Figure 3. Organization of TGFβ Signaling and Weak Links in Cancer.

(A) Ligand traps and coreceptor molecules control the access of TGFβ family ligands to signaling receptors. The ligand assembles a tetrameric complex of receptor serine/threonine kinases types I and II. Receptor-II phosphorylates and activates receptor-I, which then phosphorylates and activates Smad transcription factors (RSmads). Activated RSmads bind Smad4 and further build transcriptional activation and repression complexes to control the expression of hundreds of target genes in a given cell. Mitogen-activated protein kinases (MAPK) and other protein kinases phosphorylate Smads for recognition by ubiquitin ligases and other mechanisms of inactivation. Phosphatases have been identified that reverse these phosphorylation events.

(B) An abridged chart of ligand-receptor-coreceptor-Smad relationships in the TGFβ (green) and BMP (blue) branches of the TGFβ family.

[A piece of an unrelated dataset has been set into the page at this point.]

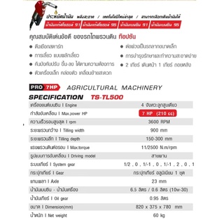 ข้อมูลทางเทคนิค เครื่องยนต์เบนซิน 4 จังหวะลูกสูบเดี่ยว กำลังเครื่องยนต์ 7 HP (210 cc) ความเร็วรอบ 3600 รอบ/นาที ระยะพรวนกว้าง 900 mm ระยะพรวนลึก 150-300 mm แรงพรวนดินต่อรอบ 11/2500 N.m/rpm ขับเคลื่อนด้วยระบบ สายพาน ระบบเกียร์ 1/2 , 0 1/1-1 , 0 , 1/1-1 , 2 , 0 , 1 กระปุกเกียร์ อลูมิเนียม 1 ชุด แกนเพลา 23 มม น้ำมันเบนซิน 6.5 ลิตร น้ำมันเครื่อง 0.6 ลิตร น้ำมันเกียร์ 0.95 ลิตร ขนาด 820 x 375 x 780 มม. น้ำหนัก 60 กิโลกรัม
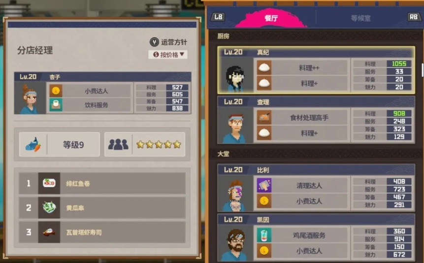 分店经理等级的提升直接决定了分店等级上限,这是游戏中的核心机制之一。分店等级与经理等级挂钩,最高可达到9级,而经理需要达到15级才能将分店提升至最高等级。经理的料理属性数值是关键指标,当该数值超过500时,分店将解除所有食材使用限制。分店等级不仅影响经营规模,还决定了可发往分店的食材等级上限,这两者是相互独立的系统。

(C) Distinct combinations of transcription partner cofactors in different contexts (e.g., different cell types or conditions) determine the set of genes targeted by specific activated Smads. Each Smad-cofactor combination coordinately regulates a synexpression group of target genes. Smad signaling serves as a node for integrating regulatory signals that impinge on partner cofactors (e.g., Activator signal in Context 2).

(D) Alternative modes of TGFβ signaling include Smad4-independent RSmad signaling (via interactions with TIF1γ, IKKα, p68DROSHA), Smad-independent receptor-I signaling (via small G proteins and MAPK pathways), and direct receptor-II signaling (via Par6, and via LIMK1 in the case of BMPR-II).

(E) Core TGFβ pathway components that are affected by mutation (red), overexpression (black), or downregulation (green) in human cancers.